Driscoll and “Loving Your Enemies”

by Phillip on March 6, 2012


These posters were created by Mars Hill, Seattle, for Mark’s Driscoll’s sermon series on forgiving your enemies.  What implications do you see between these images and God’s command to us to “love our enemies” in light of eternity?

Look closely at Hitler’s mustache, it says “love your enemy“. What do you think of the fact that Driscoll chose dead enemies who are presumed to be in an eternal hopeless hell as examples of those we are to forgive and love?

From the Mars Hill website:


Examine yourself, and ask, “Am I looking for vengeance? Or am I thankful for justice?” The two may seem similar on the surface, but at the heart level they are at odds with one another. Vengeance is contrary to the gospel.

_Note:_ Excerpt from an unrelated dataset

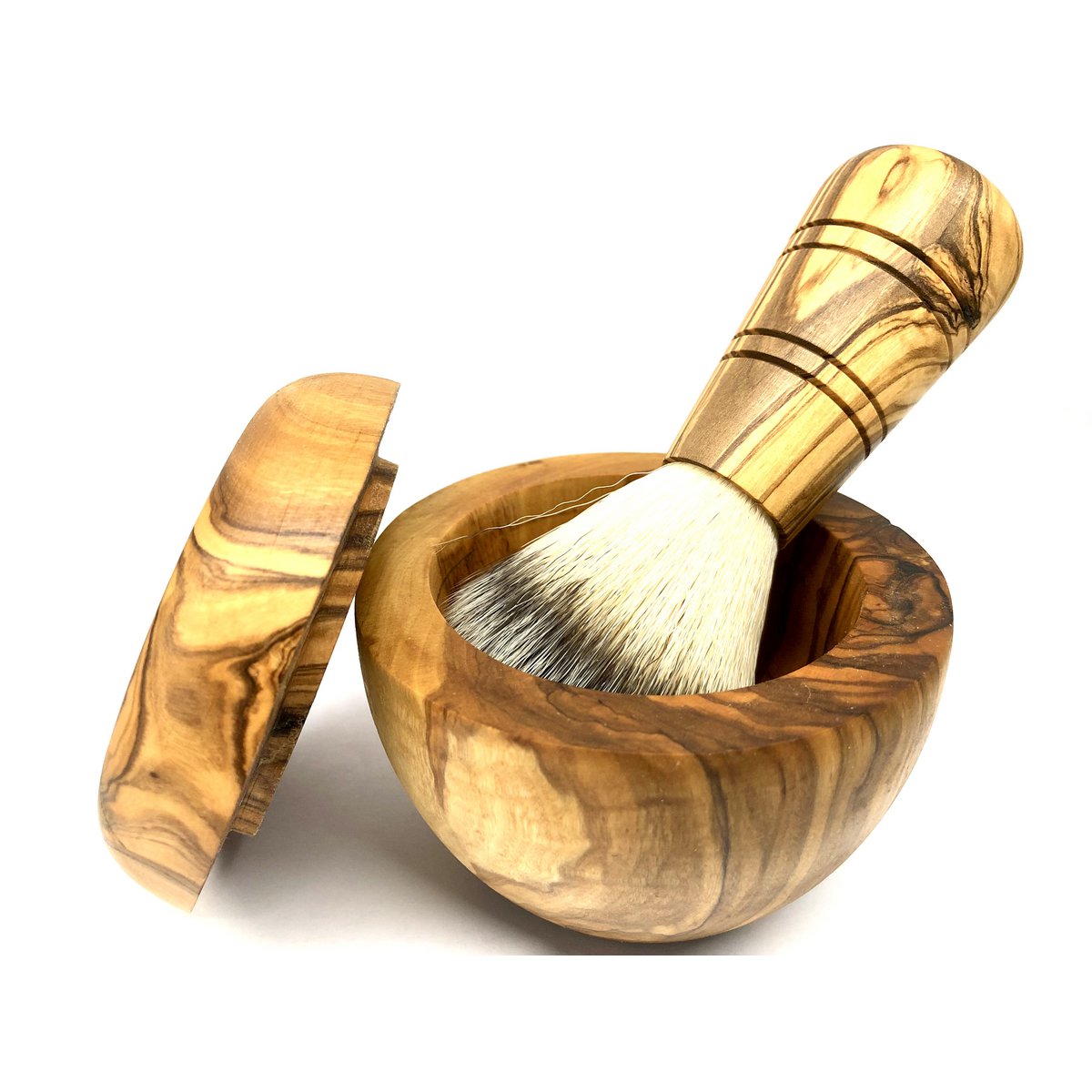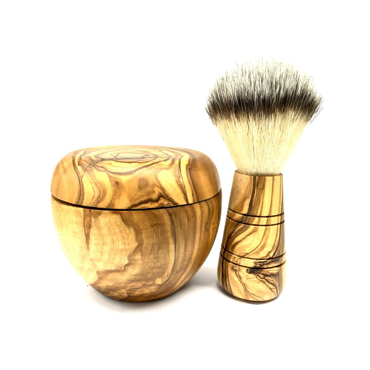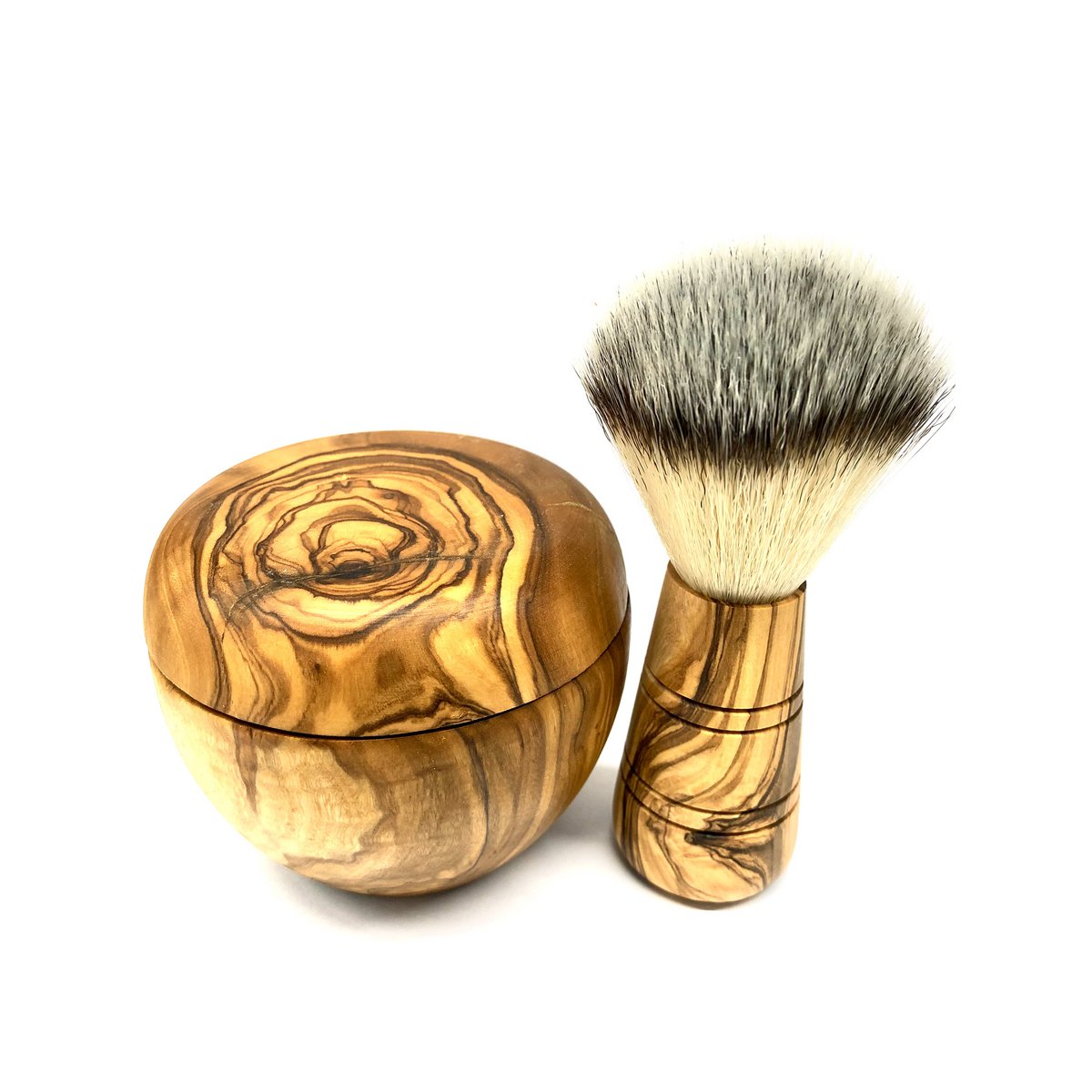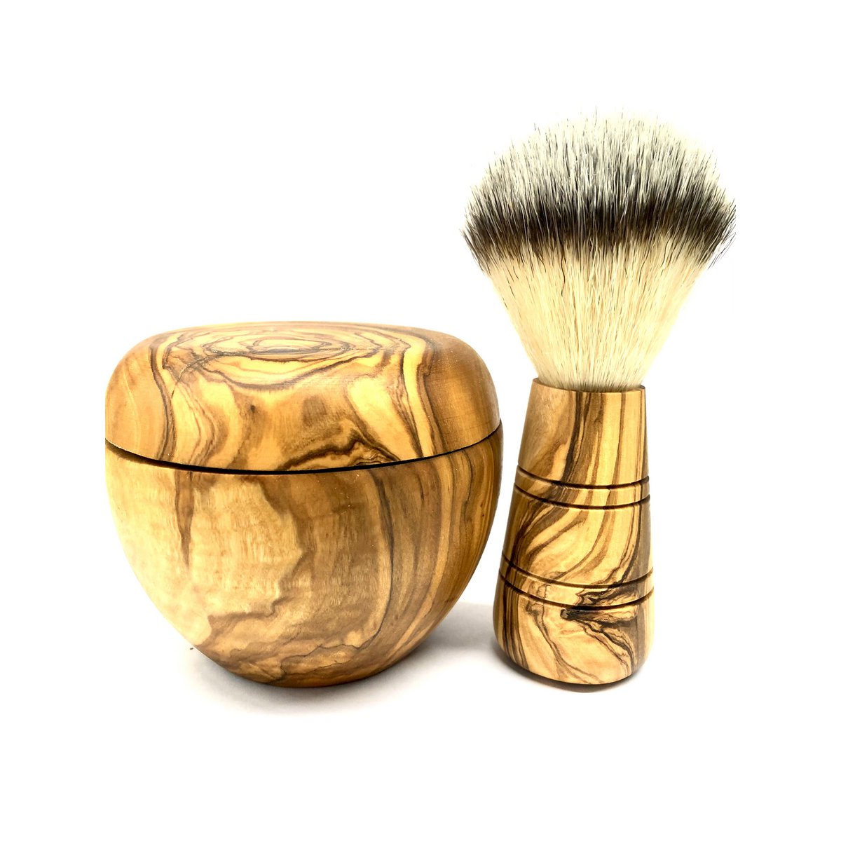 Rasierpinsel mit veganem Kunsthaar mit passender Rasierdose, um die Seife aufschäumen zu können. Für höchste Ansprüche bei der Nassrasur. Das Olivenholz vom Griff des Rasierpinsels und der Dose ist unbehandelt bzw. nur geölt und erhält dadurch seine Ausdruckskraft. Rasierpinsel: Länge ca. 9 cm, Durchmesser ca. 3,5 cm; Rasierdose: Höhe ca. 7 cm, Außendurchmesser ca. 9 cm

So, we can be thankful that God is just, and we can be very thankful that God is gracious.


The appropriate Christian response lives in the tension of these verses:

Proverbs 11:10 – “When it goes well with the righteous, the city rejoices, and when the wicked perish there are shouts of gladness.”

Proverbs 24:17 – “Do not rejoice when your enemy falls, & let not your heart be glad when he stumbles.”

These verses elicit mixed emotions: joy at justice enacted and sorrow at the reality of destruction. The relief that accompanies the news of Osama’s death should be without vengeance (Deut. 32:35) and tempered with regret at the death of any image-bearer of God.